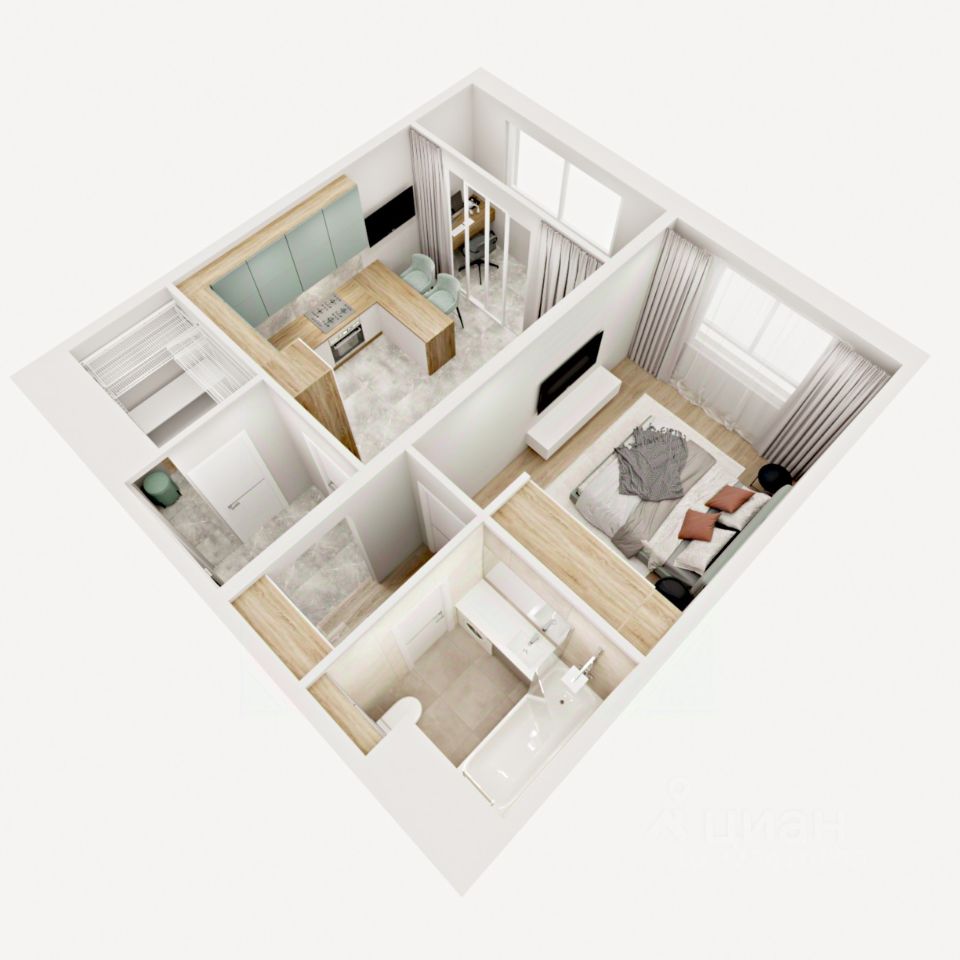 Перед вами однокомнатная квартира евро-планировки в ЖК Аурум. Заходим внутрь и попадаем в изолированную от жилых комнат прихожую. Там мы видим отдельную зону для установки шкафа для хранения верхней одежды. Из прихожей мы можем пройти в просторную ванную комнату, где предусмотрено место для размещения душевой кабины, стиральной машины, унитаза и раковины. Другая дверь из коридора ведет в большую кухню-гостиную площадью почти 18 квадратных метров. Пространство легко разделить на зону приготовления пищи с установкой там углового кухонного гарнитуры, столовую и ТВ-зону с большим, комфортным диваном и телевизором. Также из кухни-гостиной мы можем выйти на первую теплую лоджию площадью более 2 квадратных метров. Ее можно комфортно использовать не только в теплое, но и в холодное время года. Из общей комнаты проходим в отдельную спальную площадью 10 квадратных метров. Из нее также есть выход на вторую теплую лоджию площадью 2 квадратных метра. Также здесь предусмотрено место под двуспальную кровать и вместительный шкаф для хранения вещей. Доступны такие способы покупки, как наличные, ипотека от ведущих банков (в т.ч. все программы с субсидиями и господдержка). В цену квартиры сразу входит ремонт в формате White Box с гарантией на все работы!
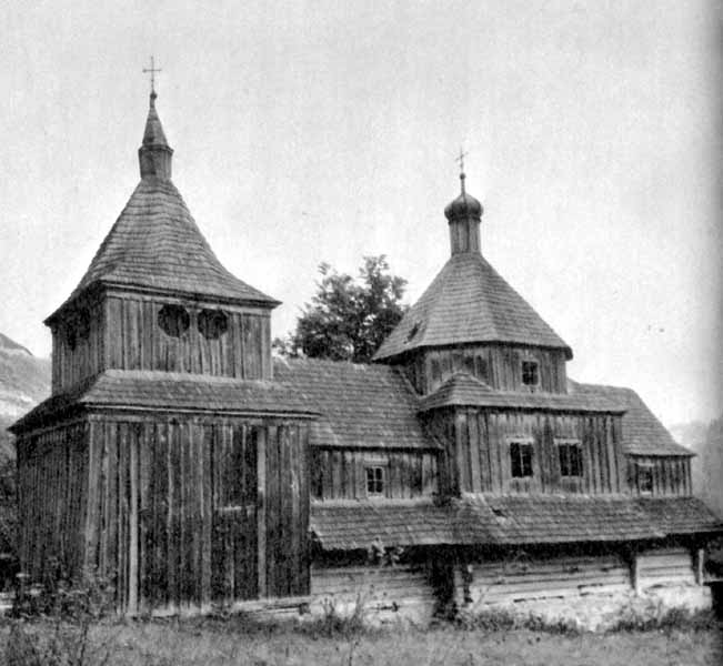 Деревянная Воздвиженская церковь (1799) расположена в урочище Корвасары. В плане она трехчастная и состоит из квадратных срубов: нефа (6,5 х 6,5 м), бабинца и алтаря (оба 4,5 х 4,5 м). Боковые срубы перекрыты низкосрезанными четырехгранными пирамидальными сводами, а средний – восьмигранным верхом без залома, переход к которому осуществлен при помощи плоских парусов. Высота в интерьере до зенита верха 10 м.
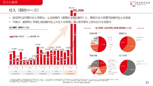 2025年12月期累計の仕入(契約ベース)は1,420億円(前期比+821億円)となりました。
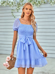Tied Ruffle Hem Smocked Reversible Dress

* * *

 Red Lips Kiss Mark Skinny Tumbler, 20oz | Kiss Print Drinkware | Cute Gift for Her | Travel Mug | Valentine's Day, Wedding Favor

▸ DIRECTIONS FOR THIS TASK
Everything above from the line containing "2025年12月期累計の仕入" through the line containing "Tied Ruffle Hem Smocked Reversible Dress" must be repeated exactly, and the pictures must be left out.

▸ PROBLEM SOLUTION
 2025年12月期累計の仕入(契約ベース)は1,420億円(前期比+821億円)となりました。
Tied Ruffle Hem Smocked Reversible Dress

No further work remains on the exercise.